Like many other kids who have grown up in a Christian household, I accepted Jesus

Christ as my personal savior at the age of 5 in my kitchen. While I do not remember exactly how

the conversation went, it was mainly based around me asking key questions and putting logical

things together in my young mind. I do not want to discredit this moment, which shows how a

childs faith works, but this time of accepting Christ does not at all define my Christian walk. It

was nothing more than a stepping stone towards me being able to fully understand the decision

that I was making by deciding to accept Christ.
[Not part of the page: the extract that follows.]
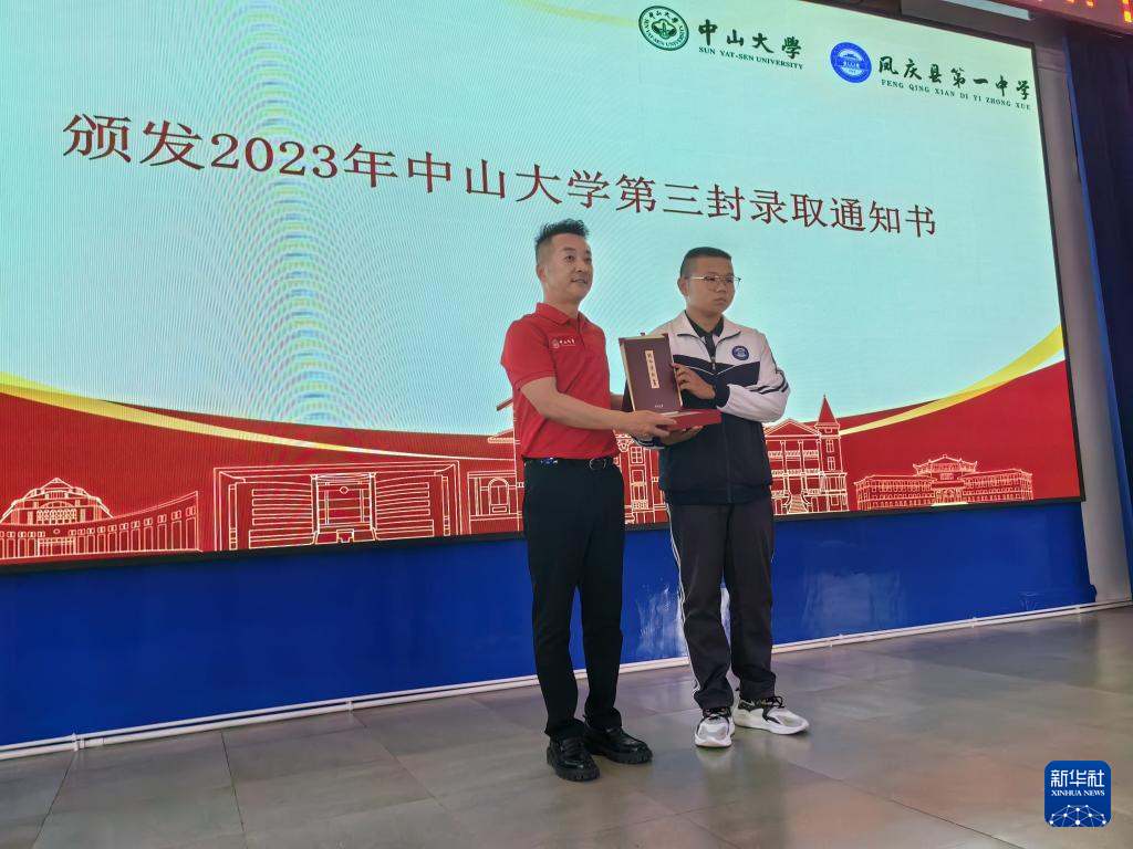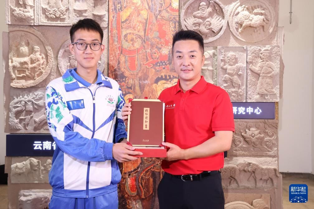 這是2023年中山大學全國第二封、云南首封錄取通知書,由中山大學掛職干部、臨滄市鳳慶縣副縣長張哲親手將其送到羅際航的手上。這個從小熱愛中華傳統文化的男孩,如今被中山大學中文系古文字學專業錄取。

One thing that has always haunted me about my testimony is the lack of a single moment

in which I had a dramatic change in my life which spurred the rest of my walk towards where I

am now. Growing up in the church, I have heard so many redemption stories of how people

turned from a secular lifestyle to Christianity because of one big moment in their life where it

just hit them that Jesus was the way to go. This is one thing that I have definitely struggled with

throughout my walk, mainly because I dont have a before and after view of how Christ has

changed me.

Other than not having that one moment where I was just completely blindsided by Jesus

like some Christians claim to have had, another thing that I have struggled with in my walk is the

emotional aspects of being a Christian. In general, I am just not a very emotional person, and

that is no different when it comes to my faith. This did not really affect my view of my walk
until around junior high when I became fairly heavily involved in the youth group at my church.
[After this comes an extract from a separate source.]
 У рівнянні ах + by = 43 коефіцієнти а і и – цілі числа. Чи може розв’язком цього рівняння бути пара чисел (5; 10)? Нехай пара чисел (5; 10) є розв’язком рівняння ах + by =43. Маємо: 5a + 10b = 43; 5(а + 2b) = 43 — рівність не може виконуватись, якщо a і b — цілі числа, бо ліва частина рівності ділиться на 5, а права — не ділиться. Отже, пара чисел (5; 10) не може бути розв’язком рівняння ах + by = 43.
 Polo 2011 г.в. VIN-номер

I joined a small group that was built of guys each having pretty different personalities, and in

spending time with them I began to see the emotional connection that they would experience

with certain situations such as worship, prayer, and sharing their struggles. I am naturally a more

intellectual person rather than an emotional person, so seeing the dramatic difference between

those guys and me definitely had me self conscious about the validity of my faith.
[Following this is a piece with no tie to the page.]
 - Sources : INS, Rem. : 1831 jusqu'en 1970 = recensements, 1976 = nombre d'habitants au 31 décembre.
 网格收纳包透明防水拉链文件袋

This unsureness I had continued on from junior high until my junior year, where I had

the opportunity to take Apologetics with Mr. Thompson. In this class I was able to validate my

faith through logic and reasoning, which is how my brain works, and was able to become a more

confident Christian.

All of these events and experiences have made me into the Christian that I am today, and

while it may not be the most moving or interesting testimony, its what has happened in my life.

And I have accepted that there is nothing that I can or should do to change that.